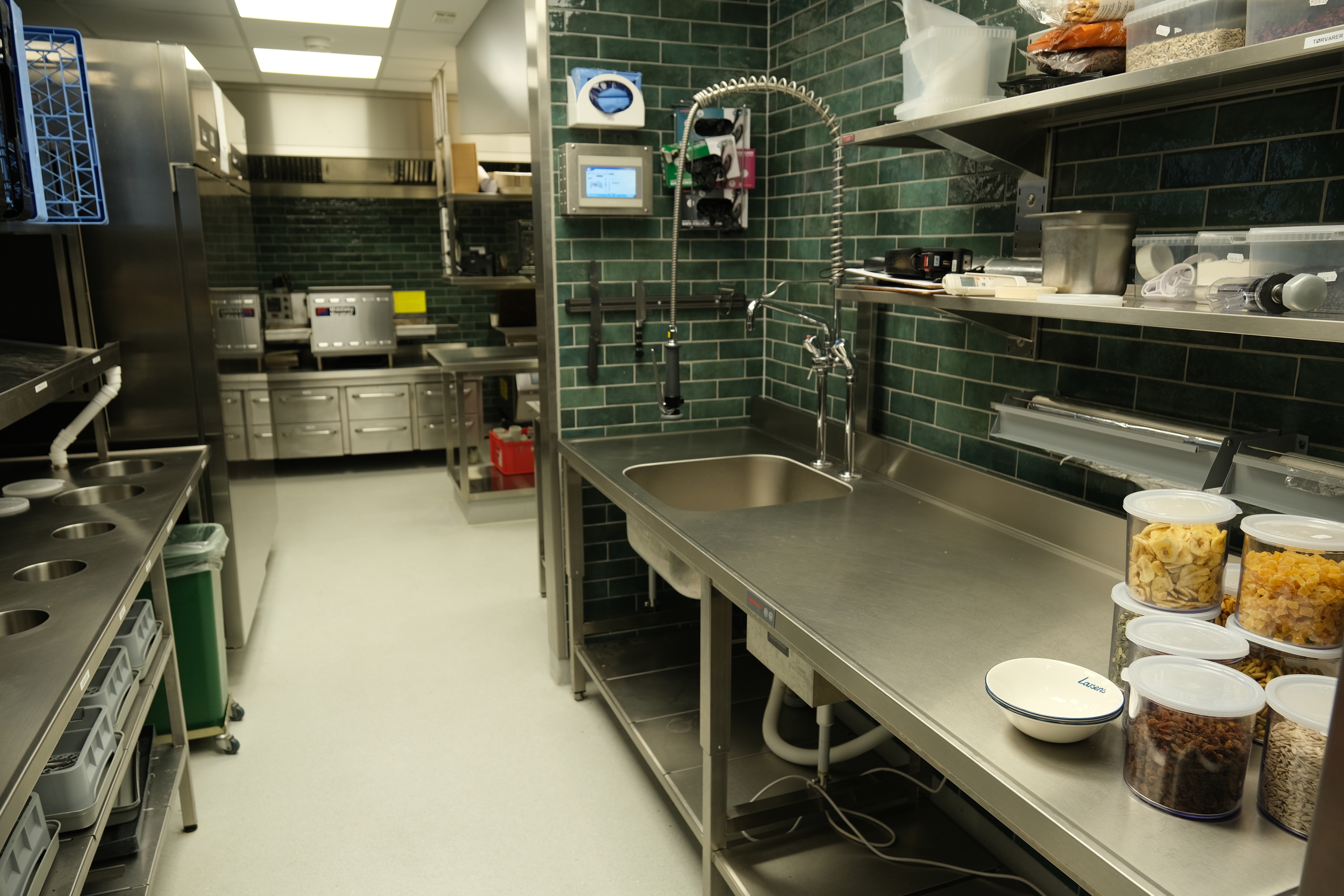 ”Det har fungeret ekstremt godt, at vi har kunnet køre processen her hos os, fordi Thomas har kunnet sidde her og tegne. Og samtidig har vi kunnet gå hen og se på de løsninger, vi allerede har i huset og haft noget helt konkret at tale ud fra og både fået vendt, hvad vi var glade for, og hvad der skulle være anderledes, og vi har haft et supergodt samarbejde, og er nået frem til et rigtig godt resultat”, lyder det fra Daniel, der blandt andet fremhæver de vandkølede softicemaskiner, der er meget støjsvage og specialløsningen til sortering af affald, hvor det er nemt og overskueligt at sortere henholdsvis plast, metal, mad, restaffald og glas og porcelæn, der skal til deponi. Og også i opvasken er der leveret en løsning, der gør arbejdet nemmere, da der er huller, så knive, gafler og skeer sorteres og ligger i en kurv for sig allerede inden, de bliver vasket.
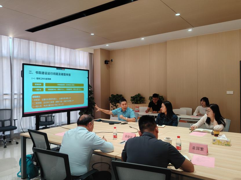 副校长孙虎汇报了书院工作机制现状,指出当前在人员配置、资源下沉、运维动力和信息化建设等方面仍存在不足,并提出相应改进措施。常务副校长袁国繁和校长助理袁晓斌分别就协同机制与资源整合提出建议。
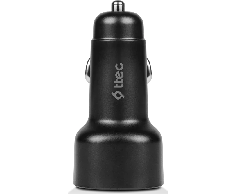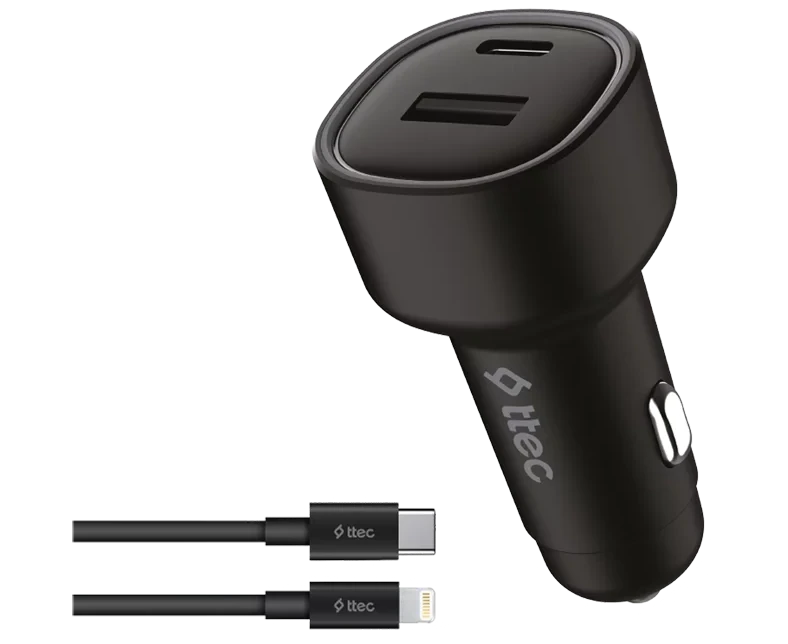TTEC SmartCharger Duo PD 48W Vehicle Fast Charger USB-C+USB-A With USB-C-Lightning Cable - Black
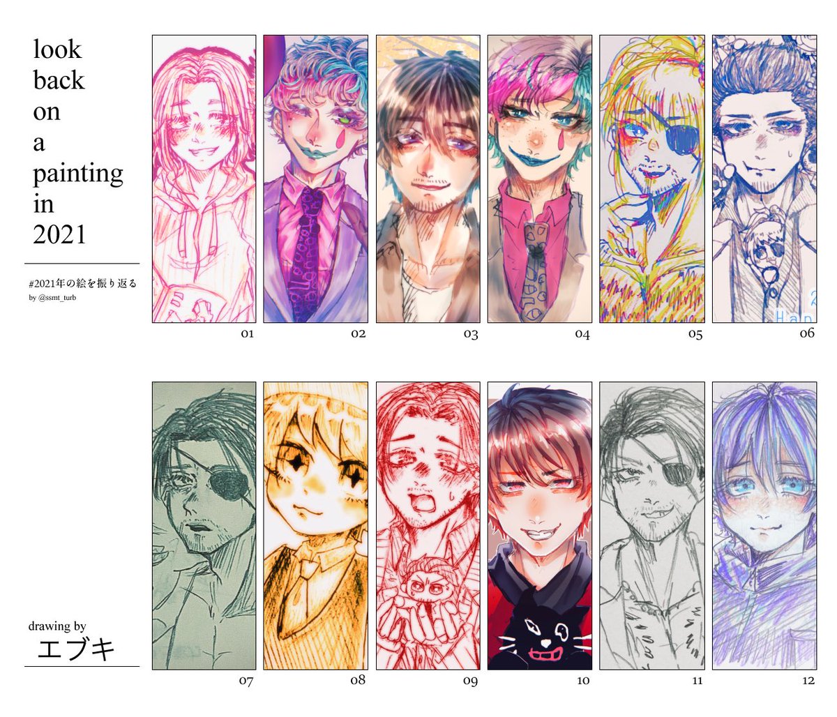 #2021年の絵を振り返る テンプレお借りしました。 今年はデフォルメ絵を模索するためにバカクソ描いたのでふたつに分けてみました。 来年も頑張ってかくどー!!
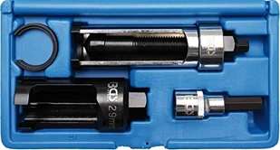 odpowiedni do montażu i demontażu zatartych wtryskiwaczy common railnadaje się np. do silników Mercedes CDI 611, 612 i 613nadaje się do pracy w ograniczonych przestrzeniach dzięki małej średnicy cylindra podpierającego. wtryskiwacz można wyciągnąć z dużą siłą za pomocą wrzeciona ciągnącego i cylindra podpierającego1 x wkład wtryskiwacza, gniazdo kwadratowe napędu 12,5 mm (1/2"), gniazdo sześciokątne wyjścia 10 mm1 x pierścień ochronny do montażu pod tuleją wyciągającą1 x klucz nasadowy SW 29 mm, otwór gniazda: 50 mm, zewnętrzny napęd sześciokątny: SW 22 mm1 x wrzeciono ściągające / tuleja ściągająca, napęd zewnętrzny sześciokątny:
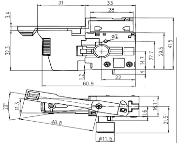 产品中心 开关类 HT1010 防尘交流扳机调速开关 17 防尘交流扳机调速开关
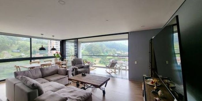 Apartamento ,128 m2, excelente vista, balcon grande tipo Terraza, Altos del poblado, cerca a iglesias, supermercado, fácil acceso a las palmas, tres alcobas, cocina integral , pisos en madera,dos garajes, cuarto útil, unidad completa, salón comedor, también se puede rentar amoblado, en 12.000.000, Andres Jimenez **********
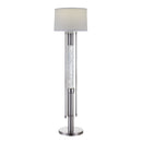 Lend an luminous touch to your living space with this stylish floor lamp offering a contemporary touch for your living space. The metal constructed silver finished stand features a glass cylinder having motion glitter with LED light and circular base. It comes with white drum shaped fabric shade and incorporates a rotary socket on lamp base. The glitter inside the cylinder reflects vibrant light making this lamp a glamourous table accent, perfect to be placed in your living room, bedroom.
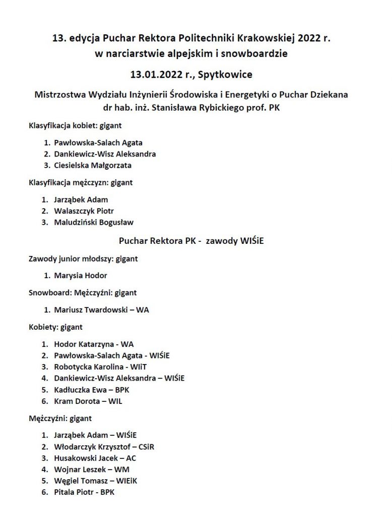 Wyniki WIEiK
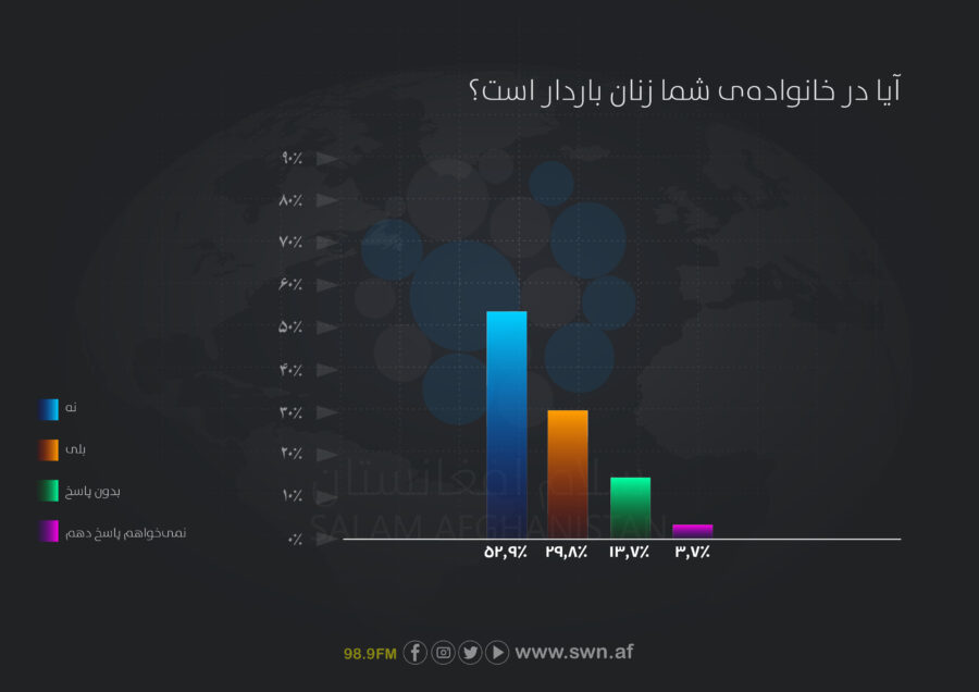 - در بارهی زنان باردار: ۱۳.۷ درصد بدون پاسخ + ۳.۷ درصد «نمیخواهم پاسخ دهم»
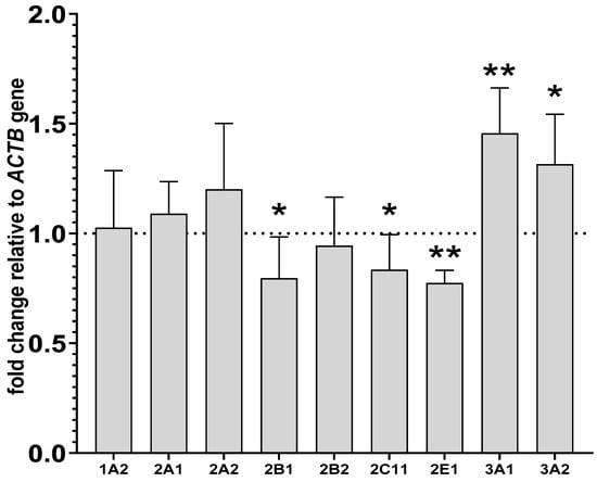 The influence of two-week treatment with lurasidone on the mRNA levels of CYP1A2, CYP2A1, CYP2A2, CYP2B1, CYP2B2, CYP2C11, CYP3A1, CYP3A2 and CYP2E1 genes in the liver. The results are expressed as the fold-change in relation to the reference gene ACTB. All the values denote the mean fold-change calculated by the comparative delta-delta Ct method for the control and lurasidone-treated rats. All values are expressed as means ± SD (n = 10 rats). Student’s t-test: * p < 0.05, ** p < 0.01 compared to the control group.
· · · · ·
→ **Problem to solve**
The whole listing above must be duplicated word for word, apart from its pictures.

→ **Solution**
 ”Det har fungeret ekstremt godt, at vi har kunnet køre processen her hos os, fordi Thomas har kunnet sidde her og tegne. Og samtidig har vi kunnet gå hen og se på de løsninger, vi allerede har i huset og haft noget helt konkret at tale ud fra og både fået vendt, hvad vi var glade for, og hvad der skulle være anderledes, og vi har haft et supergodt samarbejde, og er nået frem til et rigtig godt resultat”, lyder det fra Daniel, der blandt andet fremhæver de vandkølede softicemaskiner, der er meget støjsvage og specialløsningen til sortering af affald, hvor det er nemt og overskueligt at sortere henholdsvis plast, metal, mad, restaffald og glas og porcelæn, der skal til deponi. Og også i opvasken er der leveret en løsning, der gør arbejdet nemmere, da der er huller, så knive, gafler og skeer sorteres og ligger i en kurv for sig allerede inden, de bliver vasket.
 副校长孙虎汇报了书院工作机制现状,指出当前在人员配置、资源下沉、运维动力和信息化建设等方面仍存在不足,并提出相应改进措施。常务副校长袁国繁和校长助理袁晓斌分别就协同机制与资源整合提出建议。
TTEC SmartCharger Duo PD 48W Vehicle Fast Charger USB-C+USB-A With USB-C-Lightning Cable - Black
 #2021年の絵を振り返る テンプレお借りしました。 今年はデフォルメ絵を模索するためにバカクソ描いたのでふたつに分けてみました。 来年も頑張ってかくどー!!
 odpowiedni do montażu i demontażu zatartych wtryskiwaczy common railnadaje się np. do silników Mercedes CDI 611, 612 i 613nadaje się do pracy w ograniczonych przestrzeniach dzięki małej średnicy cylindra podpierającego. wtryskiwacz można wyciągnąć z dużą siłą za pomocą wrzeciona ciągnącego i cylindra podpierającego1 x wkład wtryskiwacza, gniazdo kwadratowe napędu 12,5 mm (1/2"), gniazdo sześciokątne wyjścia 10 mm1 x pierścień ochronny do montażu pod tuleją wyciągającą1 x klucz nasadowy SW 29 mm, otwór gniazda: 50 mm, zewnętrzny napęd sześciokątny: SW 22 mm1 x wrzeciono ściągające / tuleja ściągająca, napęd zewnętrzny sześciokątny:
 产品中心 开关类 HT1010 防尘交流扳机调速开关 17 防尘交流扳机调速开关
 Apartamento ,128 m2, excelente vista, balcon grande tipo Terraza, Altos del poblado, cerca a iglesias, supermercado, fácil acceso a las palmas, tres alcobas, cocina integral , pisos en madera,dos garajes, cuarto útil, unidad completa, salón comedor, también se puede rentar amoblado, en 12.000.000, Andres Jimenez **********
 Lend an luminous touch to your living space with this stylish floor lamp offering a contemporary touch for your living space. The metal constructed silver finished stand features a glass cylinder having motion glitter with LED light and circular base. It comes with white drum shaped fabric shade and incorporates a rotary socket on lamp base. The glitter inside the cylinder reflects vibrant light making this lamp a glamourous table accent, perfect to be placed in your living room, bedroom.
 Wyniki WIEiK
 - در بارهی زنان باردار: ۱۳.۷ درصد بدون پاسخ + ۳.۷ درصد «نمیخواهم پاسخ دهم»
 The influence of two-week treatment with lurasidone on the mRNA levels of CYP1A2, CYP2A1, CYP2A2, CYP2B1, CYP2B2, CYP2C11, CYP3A1, CYP3A2 and CYP2E1 genes in the liver. The results are expressed as the fold-change in relation to the reference gene ACTB. All the values denote the mean fold-change calculated by the comparative delta-delta Ct method for the control and lurasidone-treated rats. All values are expressed as means ± SD (n = 10 rats). Student’s t-test: * p < 0.05, ** p < 0.01 compared to the control group.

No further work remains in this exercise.